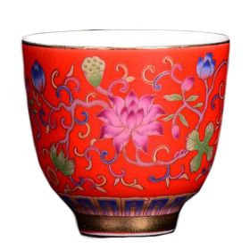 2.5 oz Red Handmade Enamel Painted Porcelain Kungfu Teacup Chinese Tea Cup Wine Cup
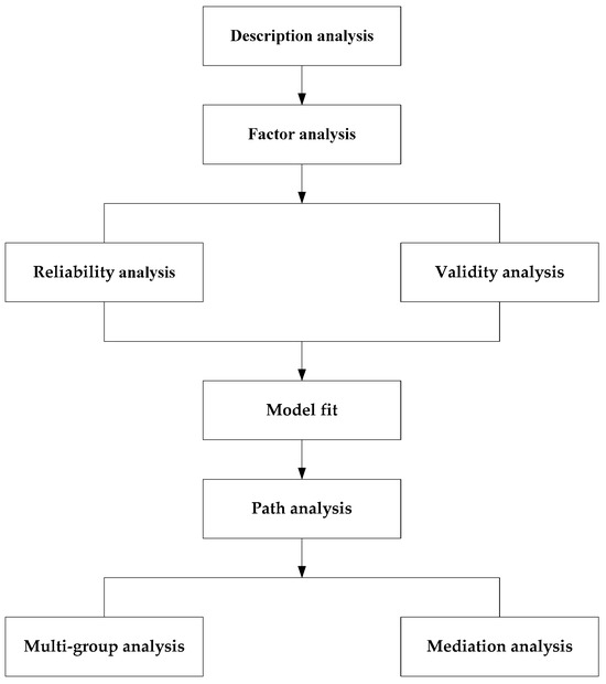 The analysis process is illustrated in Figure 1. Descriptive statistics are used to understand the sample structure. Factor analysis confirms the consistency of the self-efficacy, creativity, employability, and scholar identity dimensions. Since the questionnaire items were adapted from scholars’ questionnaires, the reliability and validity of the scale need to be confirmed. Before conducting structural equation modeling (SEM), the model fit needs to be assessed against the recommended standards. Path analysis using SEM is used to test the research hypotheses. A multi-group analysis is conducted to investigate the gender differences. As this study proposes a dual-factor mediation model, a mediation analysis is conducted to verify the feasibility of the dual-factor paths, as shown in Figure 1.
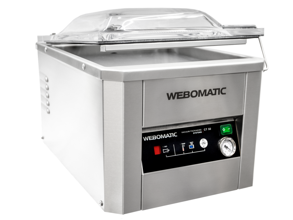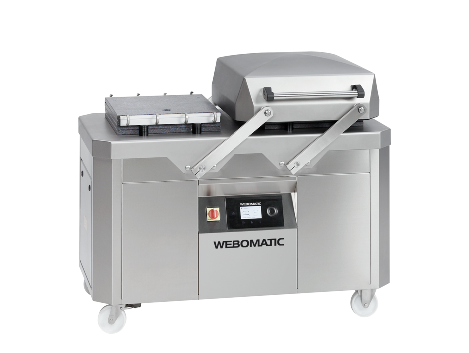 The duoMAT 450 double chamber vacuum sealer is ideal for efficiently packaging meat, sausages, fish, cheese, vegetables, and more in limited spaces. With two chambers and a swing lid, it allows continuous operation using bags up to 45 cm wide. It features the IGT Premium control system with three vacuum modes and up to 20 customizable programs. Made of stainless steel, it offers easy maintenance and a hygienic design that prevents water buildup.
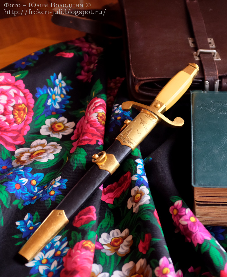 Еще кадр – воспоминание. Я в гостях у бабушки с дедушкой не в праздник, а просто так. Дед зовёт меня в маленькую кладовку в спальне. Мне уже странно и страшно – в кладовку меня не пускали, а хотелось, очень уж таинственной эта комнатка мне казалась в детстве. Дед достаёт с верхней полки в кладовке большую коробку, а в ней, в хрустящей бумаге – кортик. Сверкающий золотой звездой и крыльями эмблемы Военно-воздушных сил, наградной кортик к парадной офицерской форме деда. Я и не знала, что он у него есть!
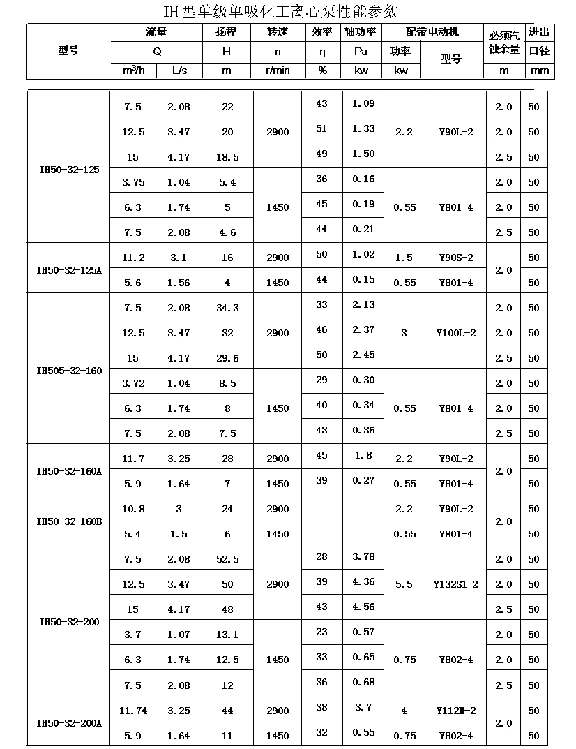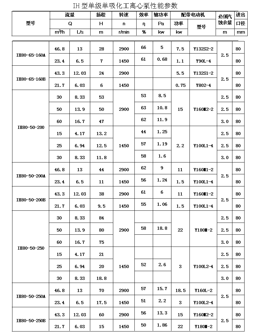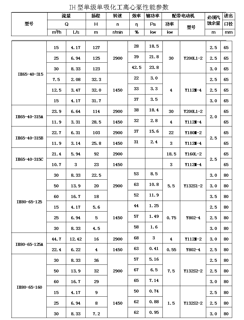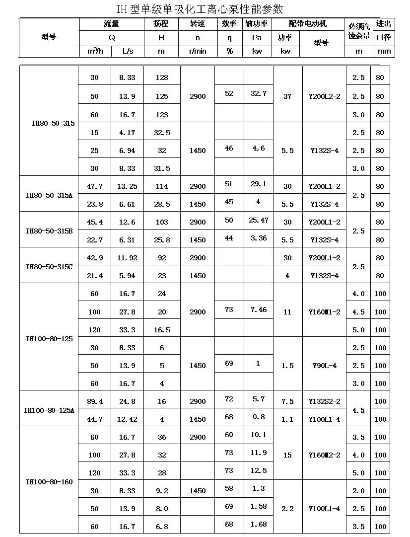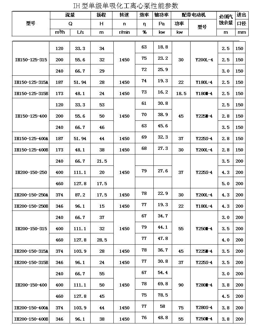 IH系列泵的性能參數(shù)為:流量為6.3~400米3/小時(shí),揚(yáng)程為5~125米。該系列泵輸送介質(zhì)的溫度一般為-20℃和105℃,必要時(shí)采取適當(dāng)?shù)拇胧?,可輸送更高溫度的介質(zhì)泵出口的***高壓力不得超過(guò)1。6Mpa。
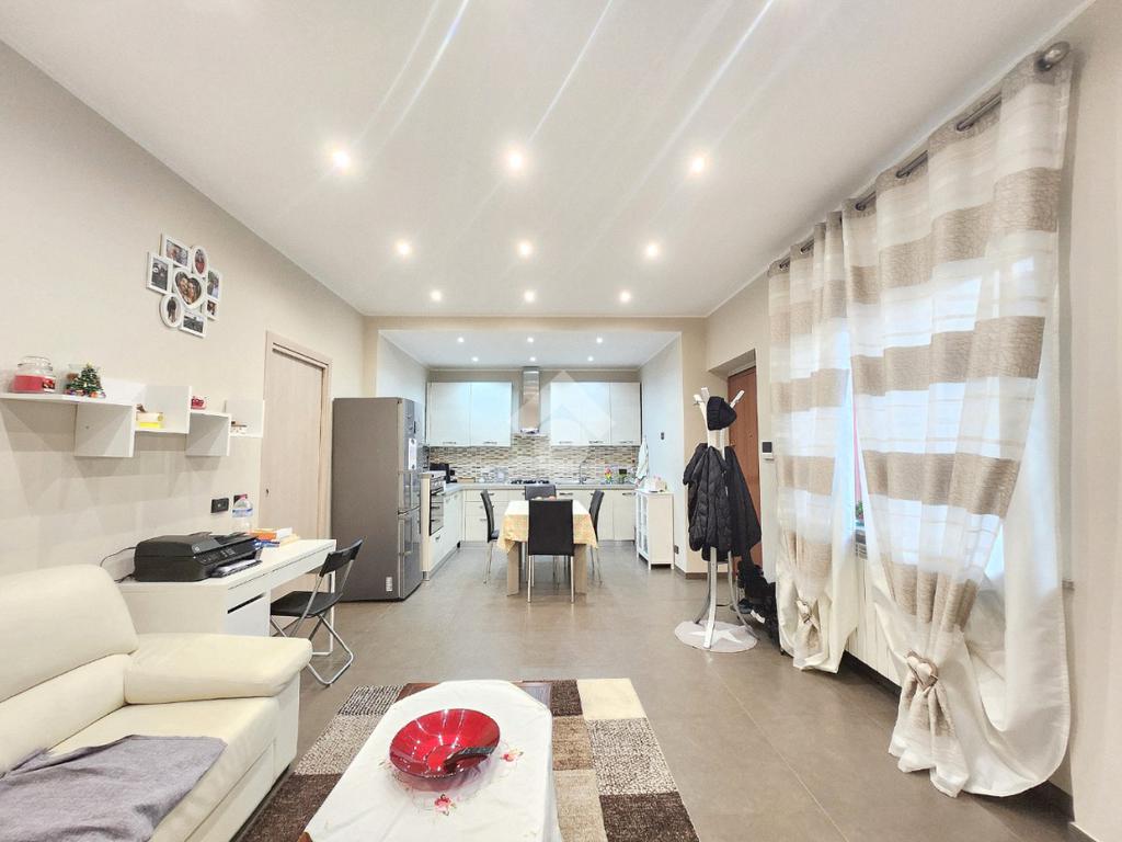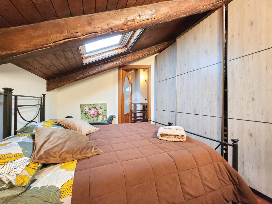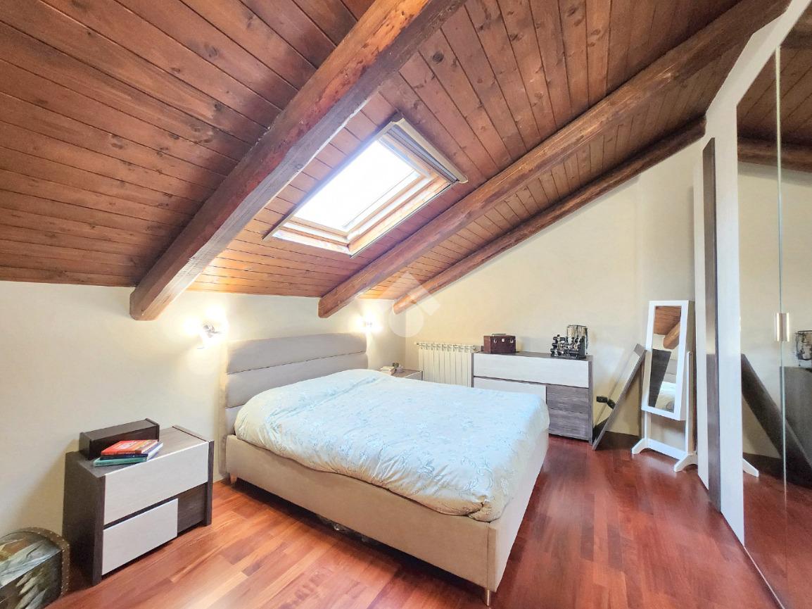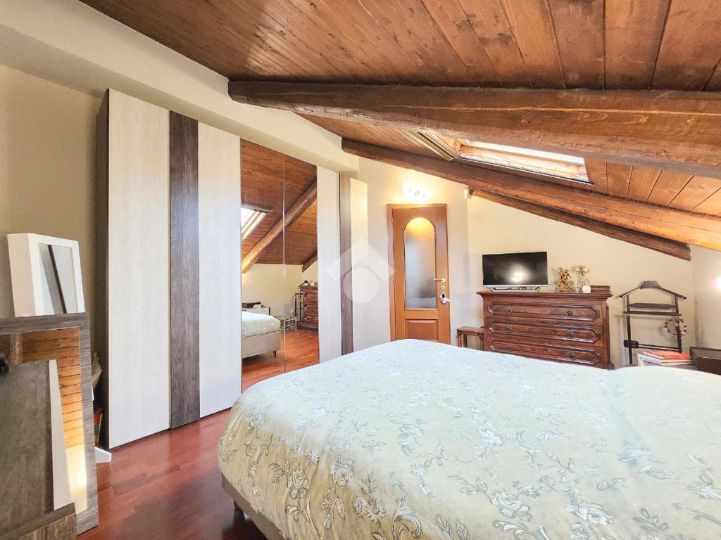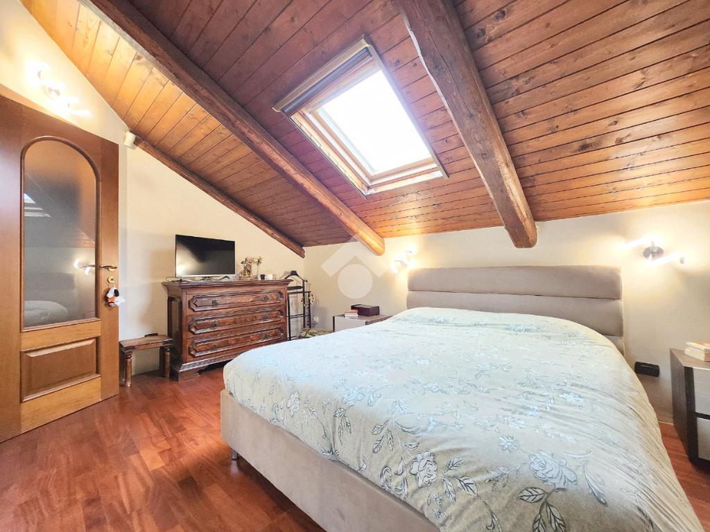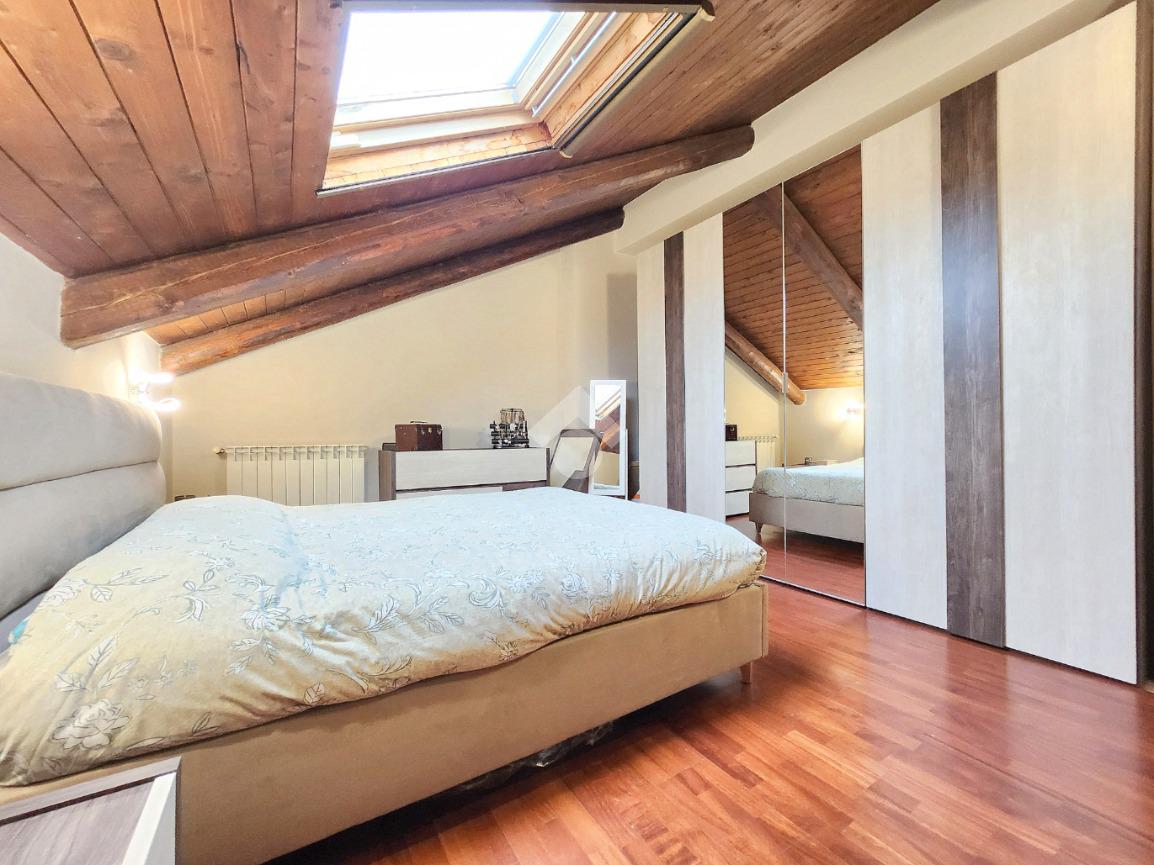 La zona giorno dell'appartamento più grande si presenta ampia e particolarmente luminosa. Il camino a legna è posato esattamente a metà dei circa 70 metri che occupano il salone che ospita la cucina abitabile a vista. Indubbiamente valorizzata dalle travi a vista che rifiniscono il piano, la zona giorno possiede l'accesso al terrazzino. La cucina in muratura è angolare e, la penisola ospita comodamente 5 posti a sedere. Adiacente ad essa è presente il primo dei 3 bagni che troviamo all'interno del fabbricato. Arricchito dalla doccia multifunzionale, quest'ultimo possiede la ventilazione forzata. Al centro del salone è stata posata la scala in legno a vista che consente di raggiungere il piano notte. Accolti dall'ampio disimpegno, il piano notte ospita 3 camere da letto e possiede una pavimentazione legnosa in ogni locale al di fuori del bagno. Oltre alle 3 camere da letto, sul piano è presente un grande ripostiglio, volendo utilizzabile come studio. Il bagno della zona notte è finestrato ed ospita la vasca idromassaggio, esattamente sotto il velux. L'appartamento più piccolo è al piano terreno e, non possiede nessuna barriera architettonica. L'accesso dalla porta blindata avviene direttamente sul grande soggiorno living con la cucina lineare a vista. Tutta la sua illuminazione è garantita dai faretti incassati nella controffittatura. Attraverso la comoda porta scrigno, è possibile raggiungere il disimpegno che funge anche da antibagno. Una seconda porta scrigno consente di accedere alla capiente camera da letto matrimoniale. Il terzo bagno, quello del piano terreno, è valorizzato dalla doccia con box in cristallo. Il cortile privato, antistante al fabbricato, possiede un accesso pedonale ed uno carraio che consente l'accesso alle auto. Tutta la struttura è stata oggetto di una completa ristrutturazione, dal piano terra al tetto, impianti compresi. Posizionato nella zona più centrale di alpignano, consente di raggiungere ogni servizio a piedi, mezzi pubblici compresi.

= = =

## [Problem details]
Repeat, with no pictures, each line from the beginning of the data through the line containing "Еще кадр – воспоминание.", inclusive.

## [Written response]
 2.5 oz Red Handmade Enamel Painted Porcelain Kungfu Teacup Chinese Tea Cup Wine Cup
 The analysis process is illustrated in Figure 1. Descriptive statistics are used to understand the sample structure. Factor analysis confirms the consistency of the self-efficacy, creativity, employability, and scholar identity dimensions. Since the questionnaire items were adapted from scholars’ questionnaires, the reliability and validity of the scale need to be confirmed. Before conducting structural equation modeling (SEM), the model fit needs to be assessed against the recommended standards. Path analysis using SEM is used to test the research hypotheses. A multi-group analysis is conducted to investigate the gender differences. As this study proposes a dual-factor mediation model, a mediation analysis is conducted to verify the feasibility of the dual-factor paths, as shown in Figure 1.
 The duoMAT 450 double chamber vacuum sealer is ideal for efficiently packaging meat, sausages, fish, cheese, vegetables, and more in limited spaces. With two chambers and a swing lid, it allows continuous operation using bags up to 45 cm wide. It features the IGT Premium control system with three vacuum modes and up to 20 customizable programs. Made of stainless steel, it offers easy maintenance and a hygienic design that prevents water buildup.
 Еще кадр – воспоминание. Я в гостях у бабушки с дедушкой не в праздник, а просто так. Дед зовёт меня в маленькую кладовку в спальне. Мне уже странно и страшно – в кладовку меня не пускали, а хотелось, очень уж таинственной эта комнатка мне казалась в детстве. Дед достаёт с верхней полки в кладовке большую коробку, а в ней, в хрустящей бумаге – кортик. Сверкающий золотой звездой и крыльями эмблемы Военно-воздушных сил, наградной кортик к парадной офицерской форме деда. Я и не знала, что он у него есть!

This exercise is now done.